This page contains details about the Hive design and architecture. A brief technical report about Hive is available at hive.pdf.
|Table of Contents|
- Parser – Transform a query string to a parse tree representation.
- Semantic Analyser – Transform the parse tree to an internal query representation, which is still block based and not an operator tree. As part of this step, the column names are verified and expansions like * are performed. Type-checking and any implicit type conversions are also performed at this stage. If the table under consideration is a partitioned table, which is the common scenario, all the expressions for that table are collected so that they can be later used to prune the partitions which are not needed. If the query has specified sampling, that is also collected to be used later on.
- Logical Plan Generator – Convert the internal query representation to a logical plan, which consists of a tree of operators.
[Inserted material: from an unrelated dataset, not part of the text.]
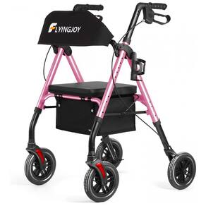 ANDADOR DE ROLADOR LEVE: O andador dobrável possui uma estrutura de alumínio e a capacidade máxima de peso é de 300 libras aproximadamente 136 kg. Você pode virar o encosto para sentar e descansar, é durável e confortável. É amigável para sua cintura e quadris. Trave os freios quando estiver sentado.

Some of the operators are relational algebra operators like 'filter', 'join' etc. But some of the operators are Hive specific and are used later on to convert this plan into a series of map-reduce jobs. One such operator is a reduceSink operator which occurs at the map-reduce boundary. This step also includes the optimizer to transform the plan to improve performance – some of those transformations include: converting a series of joins into a single multi-way join, performing a map-side partial aggregation for a group-by, performing a group-by in 2 stages to avoid the scenario when a single reducer can become a bottleneck in presence of skewed data for the grouping key. Each operator comprises a descriptor which is a serializable object.
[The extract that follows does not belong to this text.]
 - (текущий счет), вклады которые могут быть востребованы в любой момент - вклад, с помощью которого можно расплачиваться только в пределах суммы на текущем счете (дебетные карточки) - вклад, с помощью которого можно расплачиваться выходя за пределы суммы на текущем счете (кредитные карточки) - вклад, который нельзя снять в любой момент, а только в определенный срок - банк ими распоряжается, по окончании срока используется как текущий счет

- Query Plan Generator – Convert the logical plan to a series of map-reduce tasks. The operator tree is recursively traversed, to be broken up into a series of map-reduce serializable tasks which can be submitted later on to the map-reduce framework for the Hadoop distributed file system. The reduceSink operator is the map-reduce boundary, whose descriptor contains the reduction keys. The reduction keys in the reduceSink descriptor are used as the reduction keys in the map-reduce boundary. The plan consists of the required samples/partitions if the query specified so. The plan is serialized and written to a file.
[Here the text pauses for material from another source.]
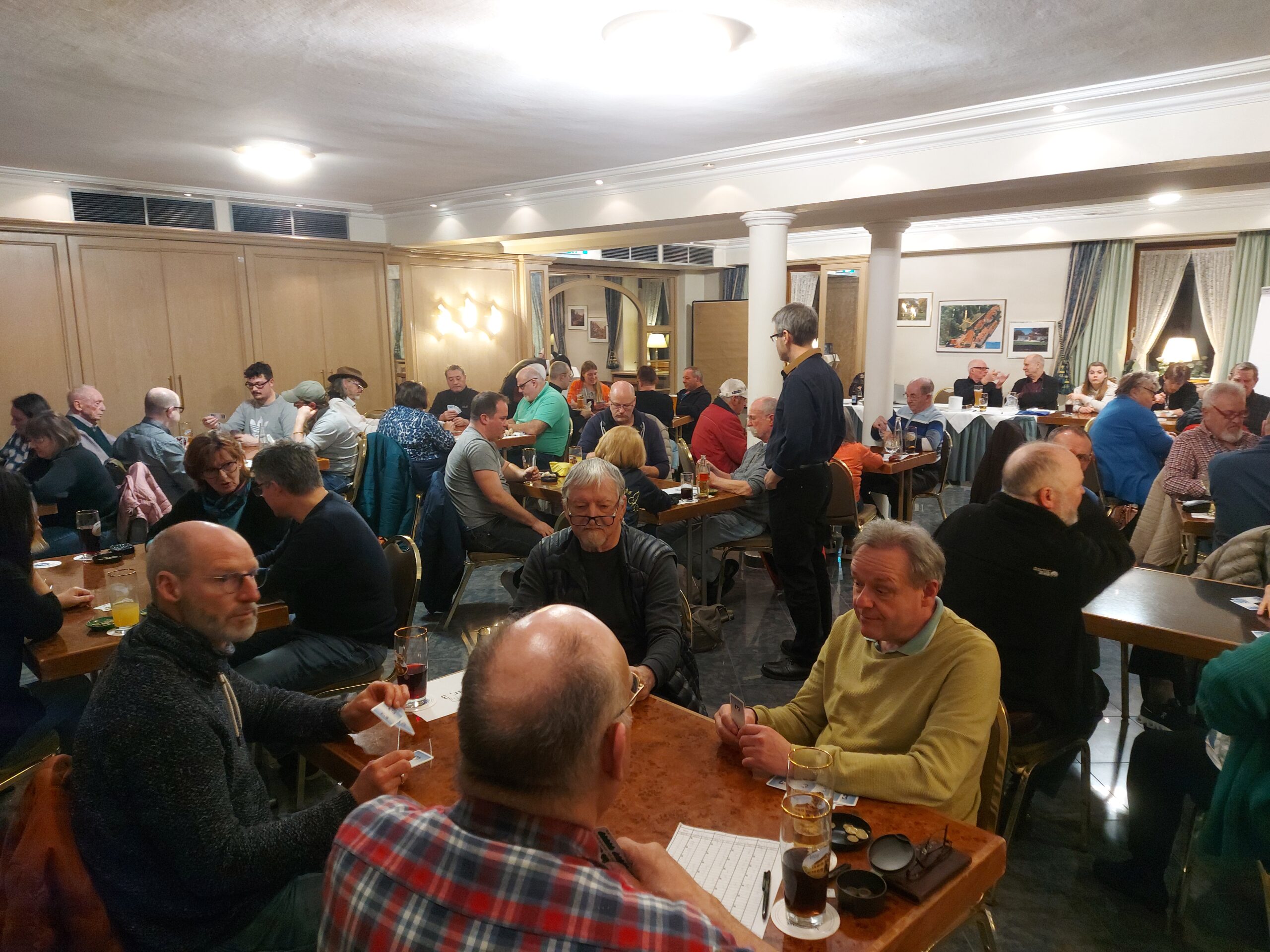 Am Freitag den 28.02.2025 fand das Frühjahrsschafkopfturnier des Krieger- und Soldatenverein Ismaning in unserer Vereinsgaststätte Gasthaus Neuwirt Festsaal 1.Stock statt. Diesmal wurde der Termin einen Monat früher als bisher üblich gewählt. Der 1. Vorstand konnte um 19:00 Uhr mehr als 44 Spieler im Festsaal unserer Vereinsgaststätte Gasthaus Neuwirt begrüßen. Nach der Begrüßung konnte das Spiel an 11 Tischen beginnen. Leider konnten 2 Mitspieler nicht am Turnier teilnehmen da sich kein ganzer Tisch mit 4 Mitspieler mehr bilden konnte. Durch Losverfahren wurden jeweils 4 Spieler pro Tisch zusammengebracht und die erste Runde konnte starten. Nach 32 Spielen pro Tisch wurde das Ergebnis der ersten Runde ausgewertet. Jetzt folgte die zweite Runde. Wieder wurden die Spieler mittels Losverfahren neu ausgewählt und es ergaben sich an jedem Tisch völlig neue Spielerzusammensetzungen. Nach wiederum 32 Spielen pro Tisch erfolgte die Auswertung dieser 2. Spielrunde.

More plan transformations are performed by the optimizer. The optimizer is an evolving component. As of 2011, it was rule-based and performed the following: column pruning and predicate pushdown. However, the infrastructure was in place, and there was work under progress to include other optimizations like map-side join. (Hive 0.11 added several join optimizations.)
The optimizer can be enhanced to be cost-based (see Cost-based optimization in Hive and HIVE-5775). The sorted nature of output tables can also be preserved and used later on to generate better plans. The query can be performed on a small sample of data to guess the data distribution, which can be used to generate a better plan.
A correlation optimizer was added in Hive 0.12.
The plan is a generic operator tree, and can be easily manipulated.
Hive APIs Overview describes various public-facing APIs that Hive provides.